CISCO IOS Context Based Access Control Lists (CBAC)

CBAC allows the router to dynamically add and remove ACLs as required by the higher-level protocol. In my case, the CBAC mechanism looks at the commands passed over the FTP command channel (TCP port 21), and dynamically creates an ACL to cater for the data connection specified in the FTP "PORT" command.

Thus I no longer needed the dangerous ACL highlighted above. Instead, the following lines enabled CBAC. First, a global configuration command to enable CBAC inspection of FTP:

ip inspect name anyname ftp timeout 600

Next, this inspect list identified by anyname had be applied to an interface. It was applied to the interface that was not directly connected to the honeypot.

ip inspect anyname in

My ACLs were now back to those shown in "CISCO ACLs version 1" above.

Fast Forward

I received lots of "warez" scans, and some interesting uploads. One was for a new game that according to the manufacturer's website wasn't due for release until 24 hours later! Naturally, I removed all uploads as soon as I spotted them.

Since this article is simply to record some of my learning experiences gained during the configuration and deployment of my first honeypot, I'll not include any analysis of the anonymous FTP scans.

Summary

Did my first honeypot achieve my objectives? Yes, I believe it did. The consensus of experience says that the first couple of honeypots one deploys will teach more about honeypots than actual hacker activity.

My next honeypot will involve redesigning my perimeter security, to allow all protocols through to the honeypot whilst still controlling outbound connectivity. It will also use a more common operating system, so that I can gain some first hand experience of post-incident analysis!

Bibliography

The following books and articles provided extremely useful information.

1 "SED and AWK"
            Dale Dougherty
            O'Reilly & Associates, Inc.

2 "Mastering Regular Expressions"
            Jeffrey E.F. Friedl
            O'Reilly & Associates, Inc.

3 "TCP/IP Illustrated, Volume 1 - The Protocols"
            W. Richard Stevens
            Addison-Wessley

4 "Cisco IOS Access Lists"
            Jeff Sedayao
            O'Reilly & Associates, Inc.

5 "Know Your Enemy: Honeynets"
            The Honeynet Project
            http://project.honeynet.org

6 "Honeypots - Definition and value of honeypots"
            Lance Spitzner
            http://www.enteract.com/~lspitz

7 Cisco IOS router benchmark and audit tool
            The Centre for Internet Security
            http://www.cisecurity.org

Links

The Honeynet Project

http://project.honeynet.org

The Distributed Honeypot Project

http://www.lucidic.net

The Centre for Internet Security

http://www.cisecurity.org



[1] To learn more about regular expressions, check the regex manual page on a Unix system. Alternatively, refer to the bibliography at the end of this article for details of books covering sed and regular expressions.

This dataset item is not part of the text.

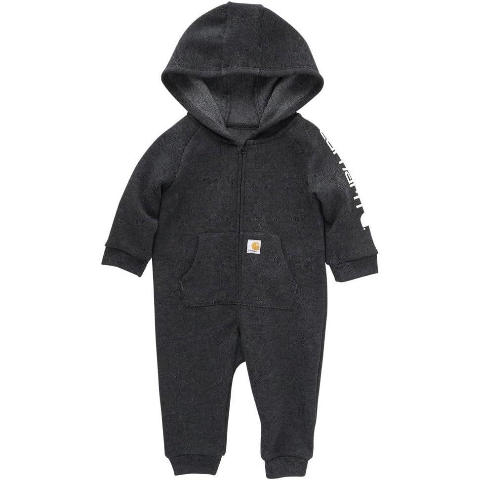 Carhartt baby-boys Long-sleeve Hooded Zip-up Footless Jumpsuit One-piece Hoodie(Caviar Black Heather)
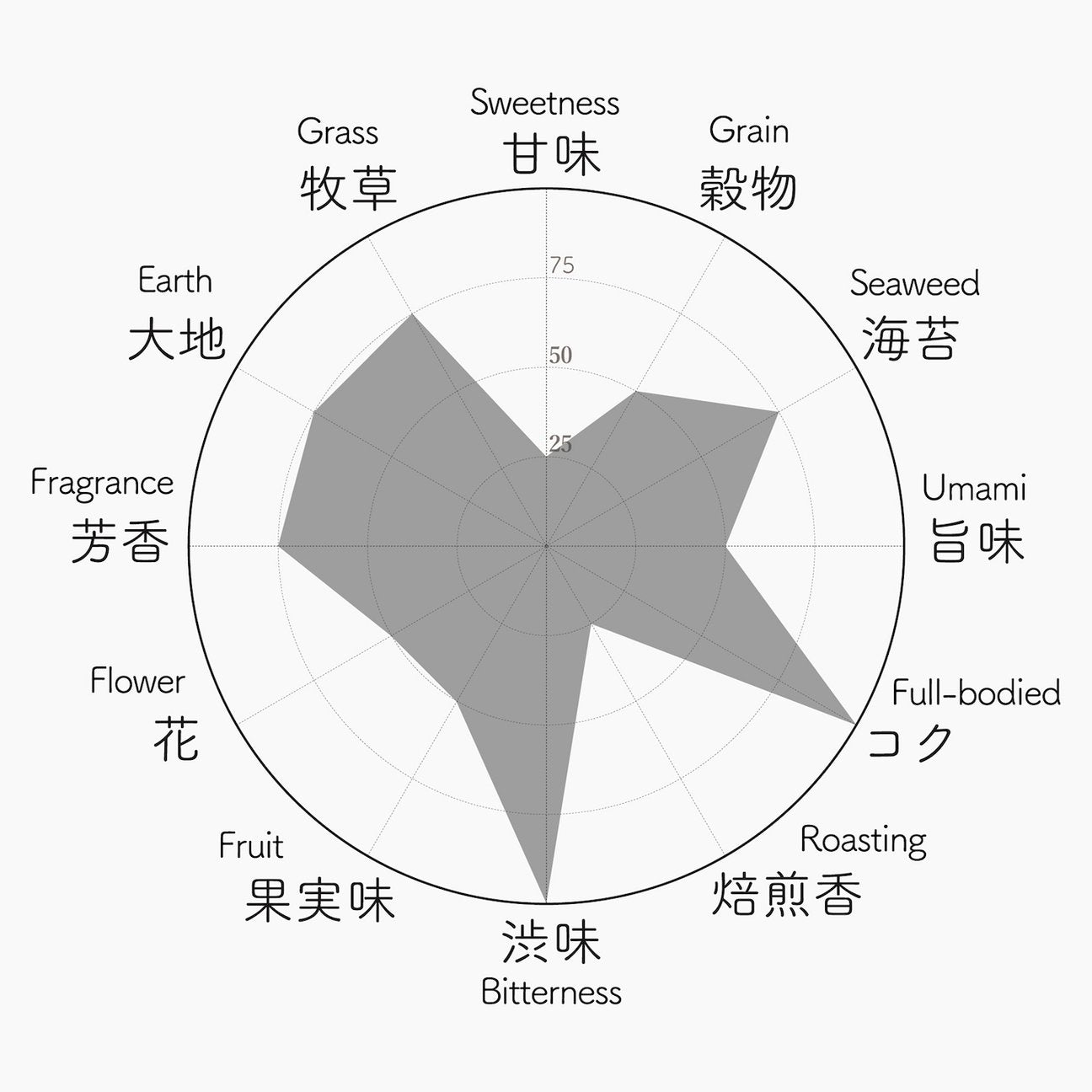 | 味わい | 甘味:★ 苦味:★★★ 旨味:★★ |

[2] There are other ways of specifying this. For instance, one could replace the complete segment by "[0-9]{1,2}", as we only ever expect 1 or 2 digits in the hour field of the timestamp.

[3] Note that here we really do need to use the "*" symbol, as different platforms resolve to different resolutions.

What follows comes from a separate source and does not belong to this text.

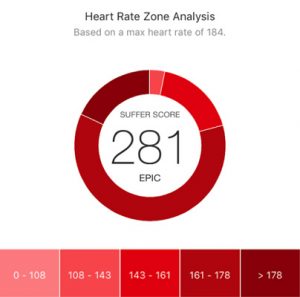 This feature provides a breakdown of the time spent in each of the major heart rate zones during your ride. A score is then calculated to give you an indication of how
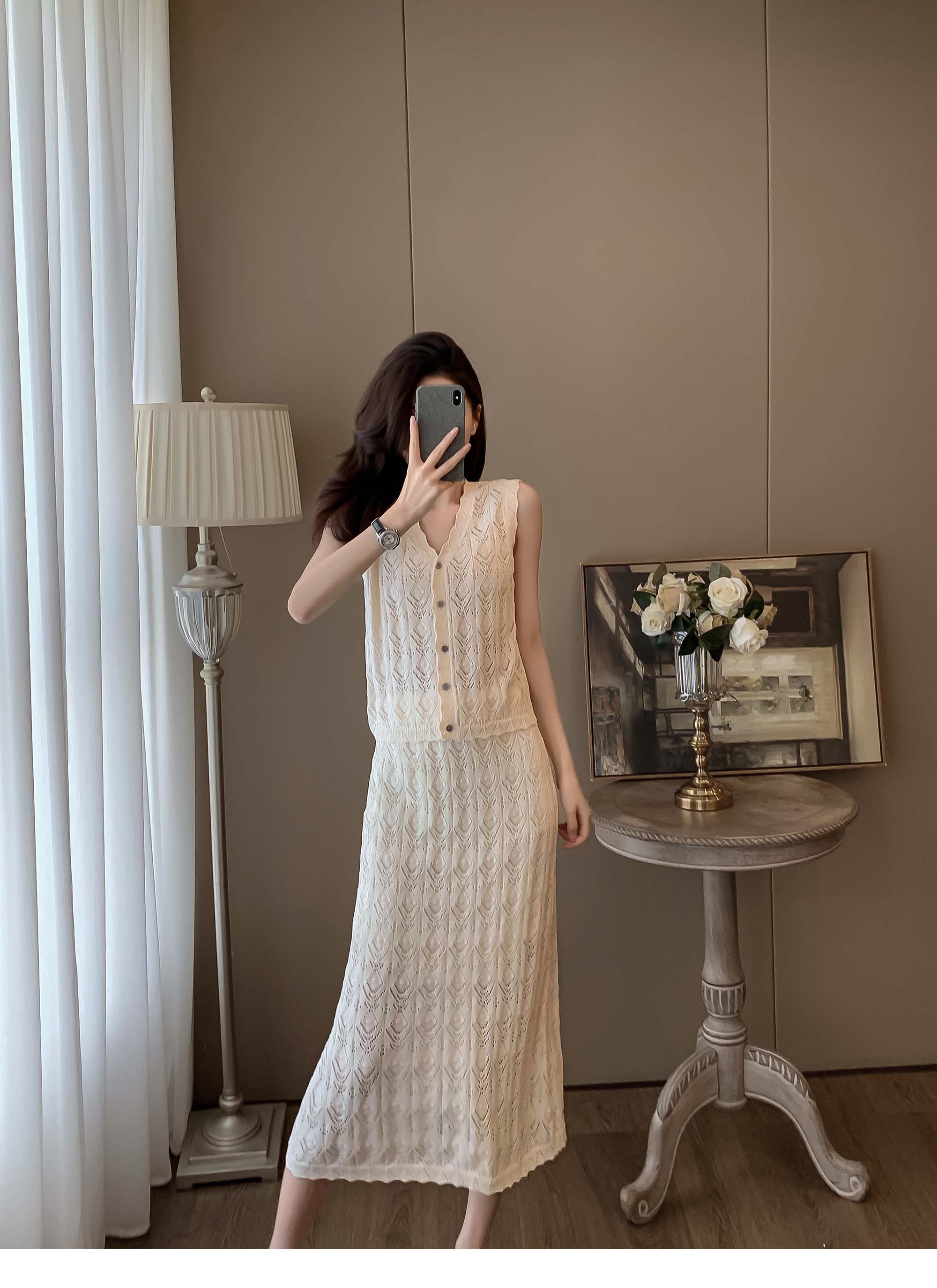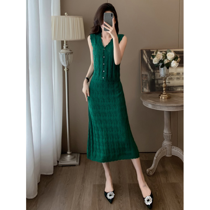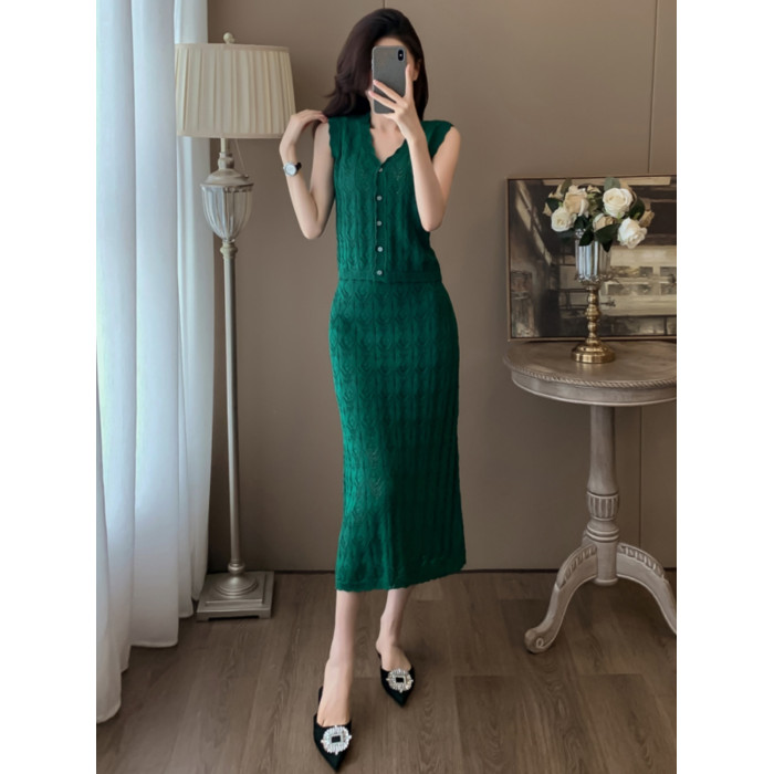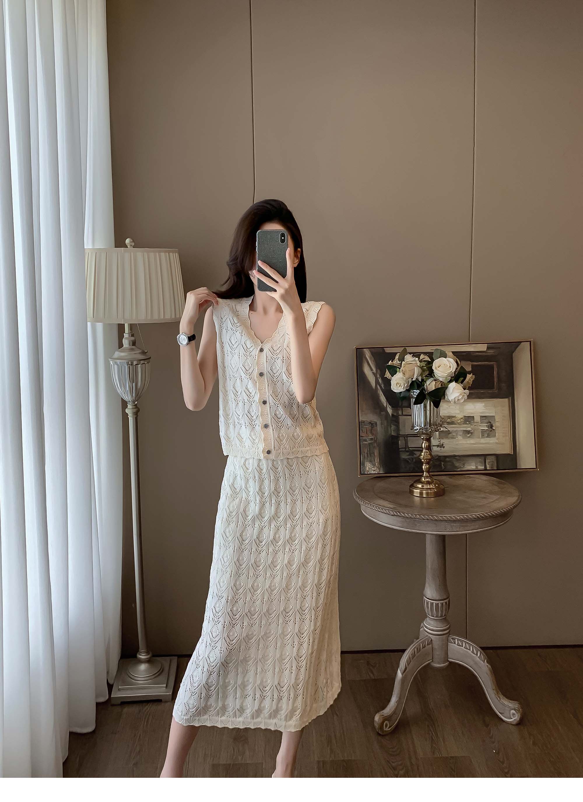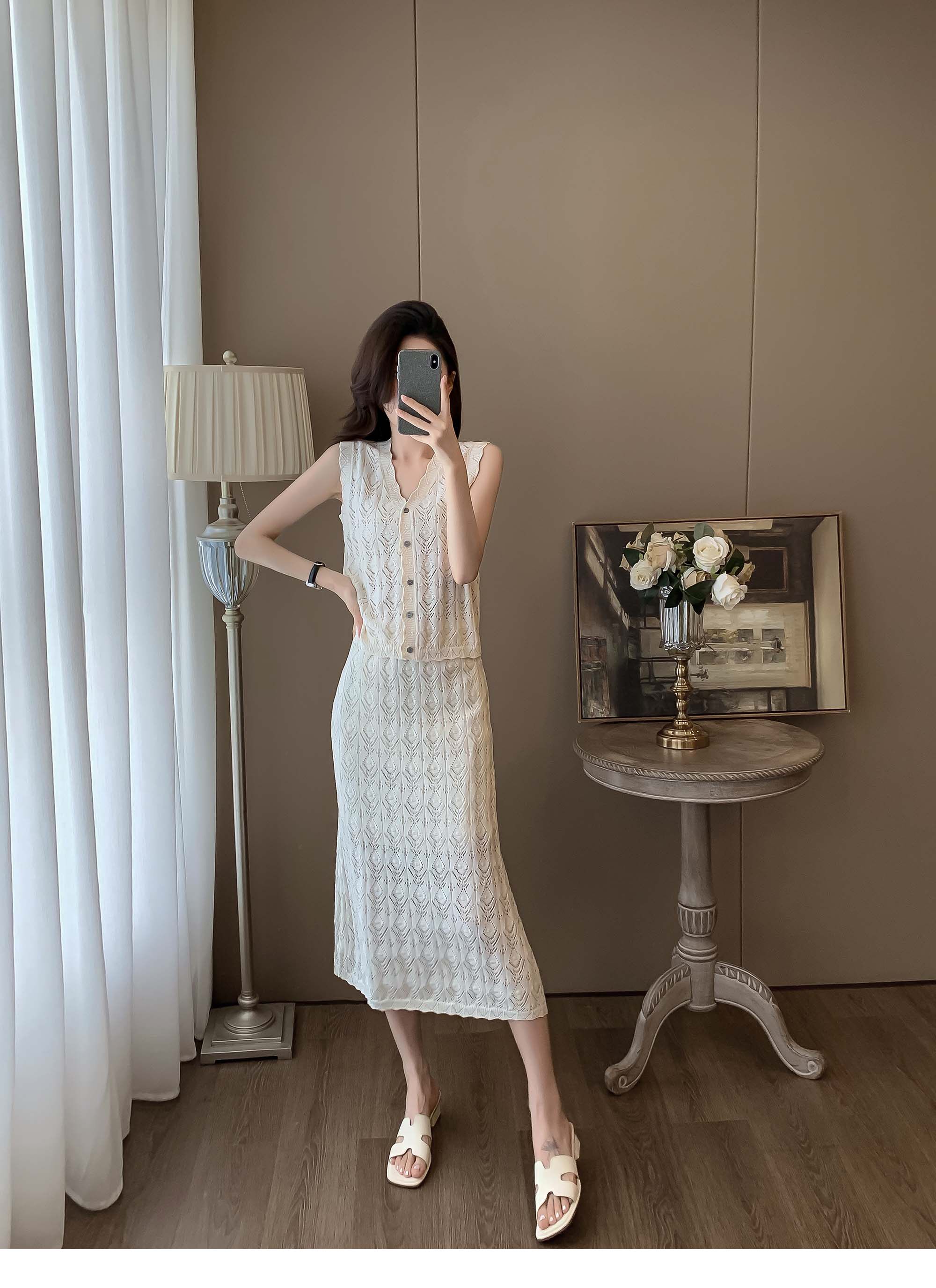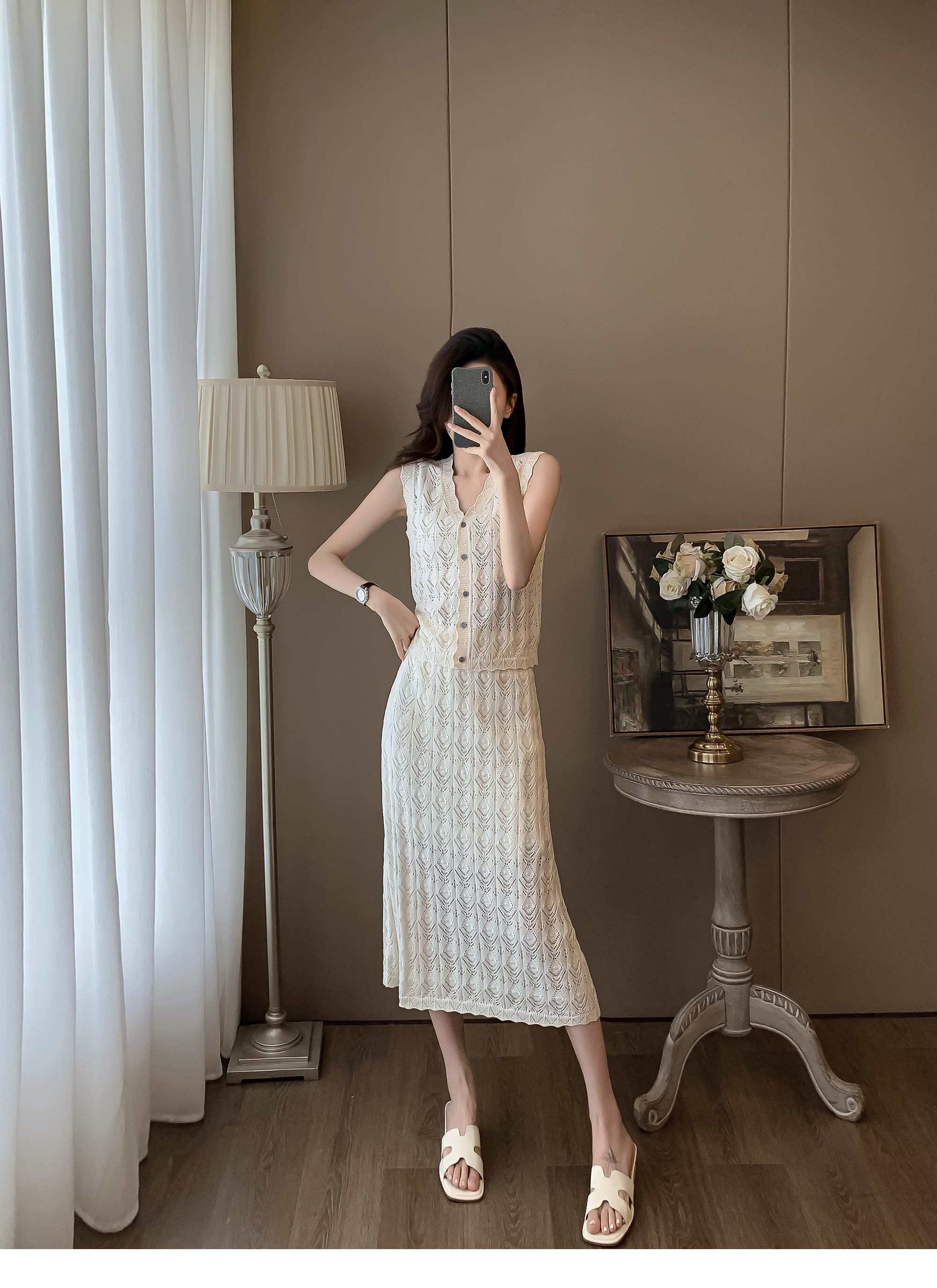度假風設計感小心機鏤空背心冰絲針織套裝裙女V領針織衫半身a字裙

[4] A period means "match any single character".

[5] Technically, for a 3-digit port number the initial digit can only be 1 or 2. If it is a 2, the second and third digits can only be in the range 0 to 5. However, we trust that the input to sed is valid, and so do not need a complex regexp to cater for this exact specification.

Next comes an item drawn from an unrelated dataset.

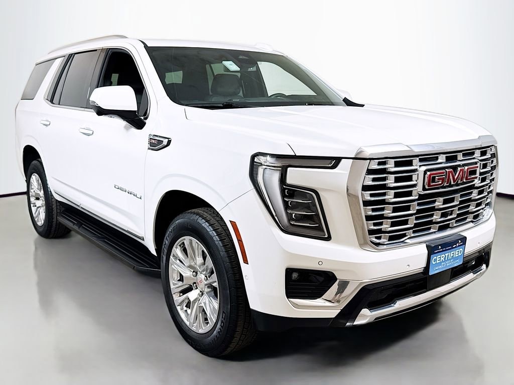 2025 GMC Yukon Denali 4WD, 10 Speakers, 15 Diagonal Multi-Color Head-Up Display, 3.23 Rear Axle Ratio, 3rd row seats: split-bench, 4-Way Power Driver Lumbar Seat Adjuster, 4-Way Power Front Passenger Lumbar Seat Adjuster, 4-Wheel Disc Brakes, ABS brakes, Adaptive suspension, Air Conditioning, Alloy wheels, AM/FM radio: SiriusXM with 360L, Apple CarPlay/Android Auto, Audio memory, Auto High-beam Headlights, Auto-dimming door mirrors, Auto-dimming Rear-View mirror, Auto-leveling suspension, Automatic temperature control, AutoSense Hands-Free Power Liftgate, Bodyside moldings, Bose 10-Speaker Surround with CenterPoint, Brake assist, Bright Front and Rear Door Sill Plates, Bumpers: body-color, Compass, Delay-off headlights, Deleted OnStar Basics, Driver door bin, Driver vanity mirror, Dual Exhaust System, Dual front impact airbags, Dual front side impact airbags, Electronic Stability Control, Emergency communication system: OnStar and GMC connected services capable, Exterior Parking Camera Rear, Four wheel independent suspension, Front anti-roll bar, Front Bucket Seats, Front Center Armrest, Front dual zone A/C, Front fog lights, Front reading lights, Fully automatic headlights, Galvano Bodyside Moldings, Garage door transmitter, Heads-Up Display, Heated door mirrors, Heated Driver and Front Passenger Seats, Heated front seats, Heated rear seats, Heated steering wheel, Illuminated entry, License Plate Front Mounting Package, Low tire pressure warning, Magnetic Ride Control Suspension, Memory seat, Navigation system: GMC Connected Navigation, Occupant sensing airbag, Outside temperature display, Overhead airbag, Overhead console, Panic alarm, Passenger door bin, Passenger vanity mirror, Perforated Heather and Ventilated Driver and Front Passenger Seats, Perforated Leather Seating Surfaces, Power door mirrors, Power driver seat, Power Liftgate, Power passenger seat, Power Release 2nd Row Bucket Seats, Power steering, Power Tilt and Telescopic Steering Column, Power windows, Preferred Equipment Group 5SA, Radio: 16.8 Diagonal Premium GMC Infotainment System, Rain sensing wipers, Rear air conditioning, Rear anti-roll bar, Rear reading lights, Rear window defroster, Rear window wiper, Remote keyless entry, Security system, SiriusXM with 360L, Speed control, Speed-sensing steering, Split folding rear seat, Spoiler, Steering wheel memory, Steering wheel mounted audio controls, Tachometer, Telescoping steering wheel, Tilt steering wheel, Traction control, Trip computer, Turn signal indicator mirrors, Variably intermittent wipers, Ventilated front seats, Voltmeter, Wheels: 20 x 9 6-Spoke Polished Aluminum, 4WD.

[6] By default, sed outputs all input lines. The "-n" option used in the command inhibits that action.

[7] This command sequence does have one small flaw in it. It does not show connections that were "half-opened" and then reset by the client. This is a common technique used when port scanning a system for open tcp ports. To correct this we would need to modify the BPF filter to allow packets that had the SYN and ACK flags set, but not those with just a SYN or RST.